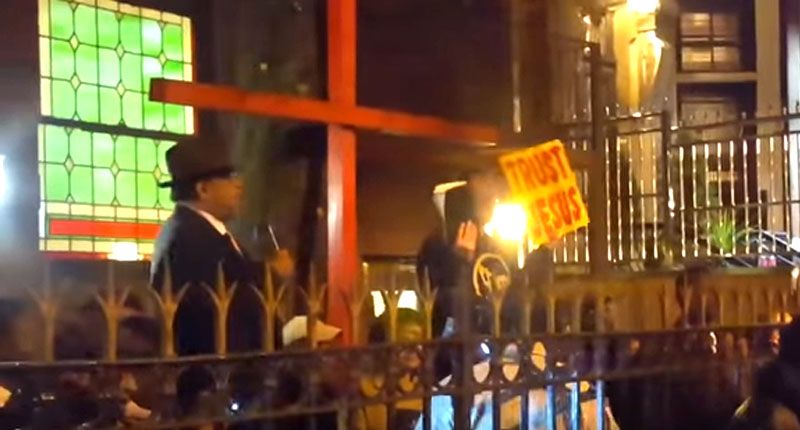 Pastor James David Manning and his supporters outside the church (Screenshot)
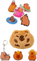A tolltartót tartós anyagból készítik, amely biztosítja a hosszú élettartamot. Elegáns bézs színe különböző stílusokhoz illik. Továbbá tartalmaz egy plusz kapibarát is, amelyet a tolltartóhoz, hátizsákhoz vagy ruhához lehet csatolni. A kiegészítő készlet magában foglal egy kapibarás motívumú kulcstartót, két csipeszt és öt kapibara matricát.
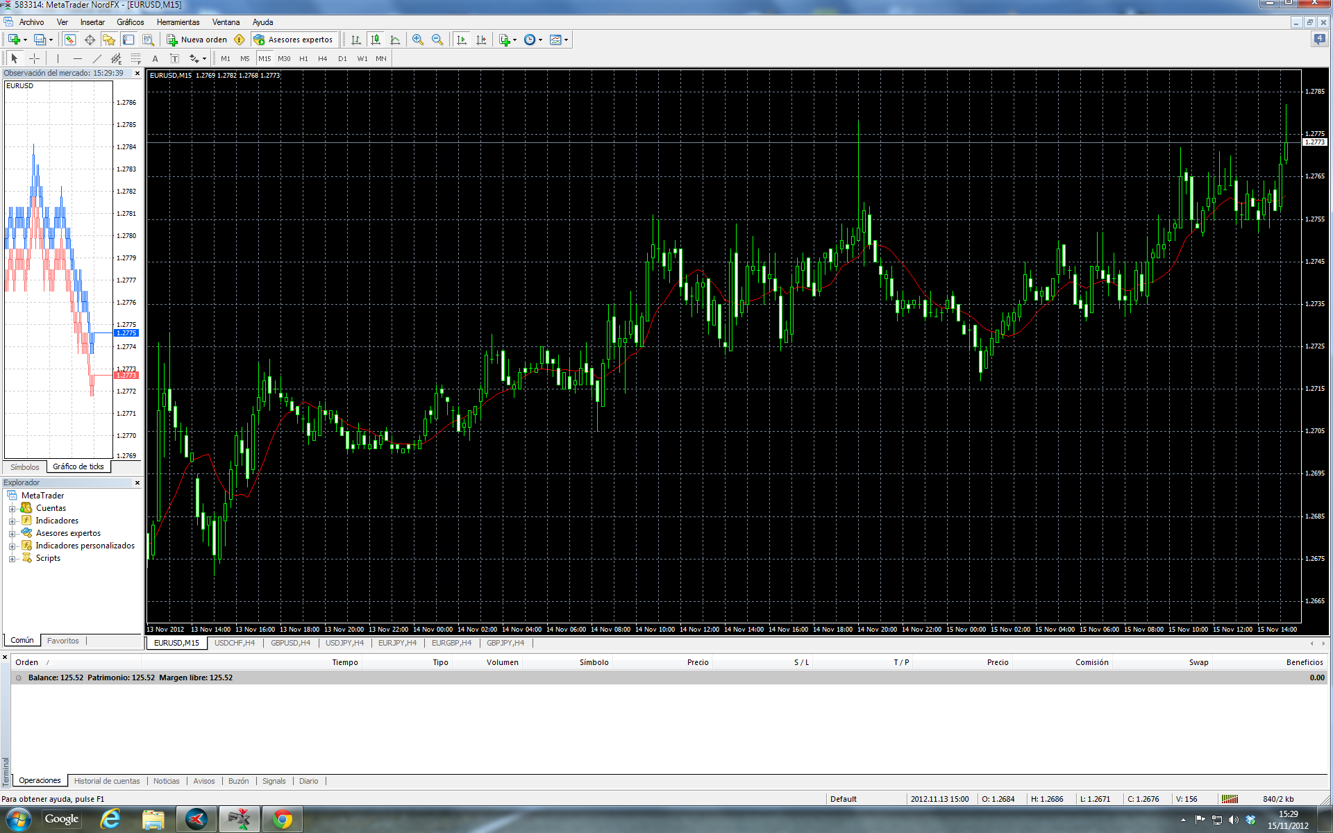 Bueno, a pesar de tener como objetivo principal el 1.5850, hacemos caja en la libra, ya que tambien voy corto en el euro. Mantengo el euro bajista con stop en BE desde 1.2755, observando la reacción en 1.2725 y con posbile objetivo 1.2700.
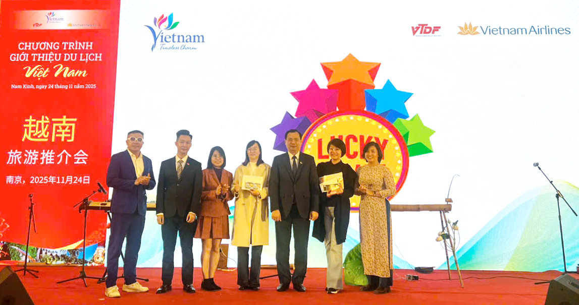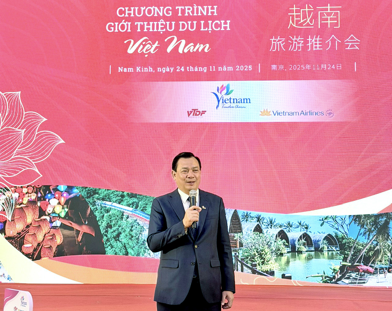 (TITC) - Tối ngày 24/11 theo giờ địa phương, tiếp nối chuỗi sự kiện xúc tiến du lịch tại Trung Quốc lần thứ hai trong năm 2025, Cục trưởng Cục Du lịch Quốc gia Việt Nam Nguyễn Trùng Khánh dẫn đầu đoàn công tác tổ chức Chương trình giới thiệu du lịch Việt Nam tại thành phố Nam Kinh, tỉnh Giang Tô.
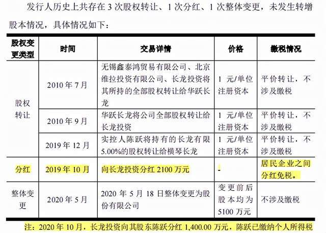 2019年10月,北方长龙曾在向股东长龙投资分红2100万元,以及在2020年10月向股东陈跃分红1400万元。前文已经提及,陈跃持有长龙投资99%的股权。
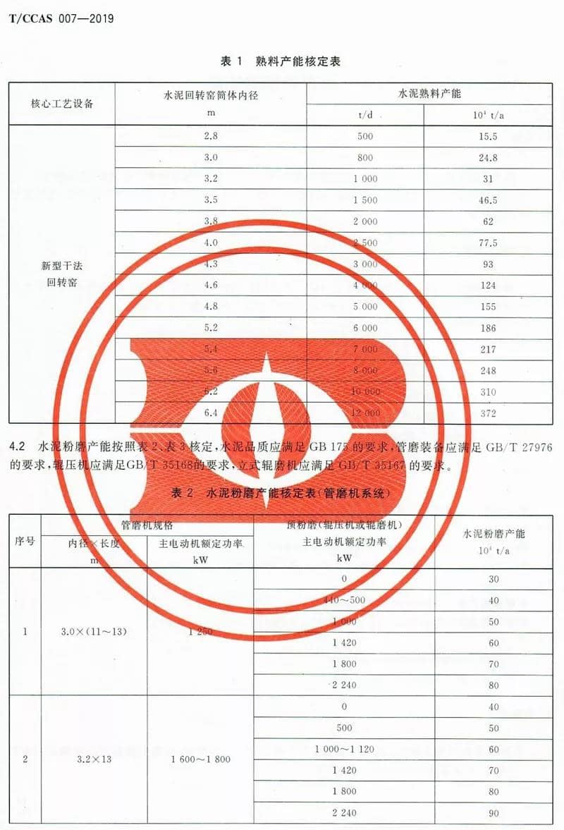 附水泥协会水泥产能核实标准(T/CCAS007-2019) 部分截图
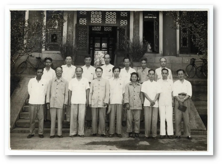 另一份有意思的照片是一張合照,拍攝于北京大學,照片上有二十余人。這是布展中偶然發(fā)現(xiàn)的材料,當時需要展覽王瑤和李何林一同出鏡的照片,遂翻到了這一張。之所以說“有意思”,是因為李何林不是北大系統(tǒng)的人,不太有機會出現(xiàn)在北大。那么,這就不是北大教職工日?;顒拥暮嫌?,而是會議留念。有這樣一個會議嗎?循北大、李何林、王瑤的關(guān)鍵詞查去,發(fā)現(xiàn)了何善周先生的回憶,這個會議,很可能就是學科史上頗為關(guān)鍵的“綜合大學現(xiàn)代文學史教學大綱討論會”。何善周所列舉的與會者,很多人確實都在照片上,包括余上沅、吳組緗、孫中田、陳瘦竹、此后不久便離世的劉綬松,以及作者何善周本人。

○ ○ ○ ○ ○ ○ ○

[Exercise details]
Please transcribe the whole listing above exactly, with the images left out.

[Output of the task]
 Pastor James David Manning and his supporters outside the church (Screenshot)
A tolltartót tartós anyagból készítik, amely biztosítja a hosszú élettartamot. Elegáns bézs színe különböző stílusokhoz illik. Továbbá tartalmaz egy plusz kapibarát is, amelyet a tolltartóhoz, hátizsákhoz vagy ruhához lehet csatolni. A kiegészítő készlet magában foglal egy kapibarás motívumú kulcstartót, két csipeszt és öt kapibara matricát.
 Bueno, a pesar de tener como objetivo principal el 1.5850, hacemos caja en la libra, ya que tambien voy corto en el euro. Mantengo el euro bajista con stop en BE desde 1.2755, observando la reacción en 1.2725 y con posbile objetivo 1.2700.
 (TITC) - Tối ngày 24/11 theo giờ địa phương, tiếp nối chuỗi sự kiện xúc tiến du lịch tại Trung Quốc lần thứ hai trong năm 2025, Cục trưởng Cục Du lịch Quốc gia Việt Nam Nguyễn Trùng Khánh dẫn đầu đoàn công tác tổ chức Chương trình giới thiệu du lịch Việt Nam tại thành phố Nam Kinh, tỉnh Giang Tô.
 2019年10月,北方长龙曾在向股东长龙投资分红2100万元,以及在2020年10月向股东陈跃分红1400万元。前文已经提及,陈跃持有长龙投资99%的股权。
 附水泥协会水泥产能核实标准(T/CCAS007-2019) 部分截图
 另一份有意思的照片是一張合照,拍攝于北京大學,照片上有二十余人。這是布展中偶然發(fā)現(xiàn)的材料,當時需要展覽王瑤和李何林一同出鏡的照片,遂翻到了這一張。之所以說“有意思”,是因為李何林不是北大系統(tǒng)的人,不太有機會出現(xiàn)在北大。那么,這就不是北大教職工日?;顒拥暮嫌?,而是會議留念。有這樣一個會議嗎?循北大、李何林、王瑤的關(guān)鍵詞查去,發(fā)現(xiàn)了何善周先生的回憶,這個會議,很可能就是學科史上頗為關(guān)鍵的“綜合大學現(xiàn)代文學史教學大綱討論會”。何善周所列舉的與會者,很多人確實都在照片上,包括余上沅、吳組緗、孫中田、陳瘦竹、此后不久便離世的劉綬松,以及作者何善周本人。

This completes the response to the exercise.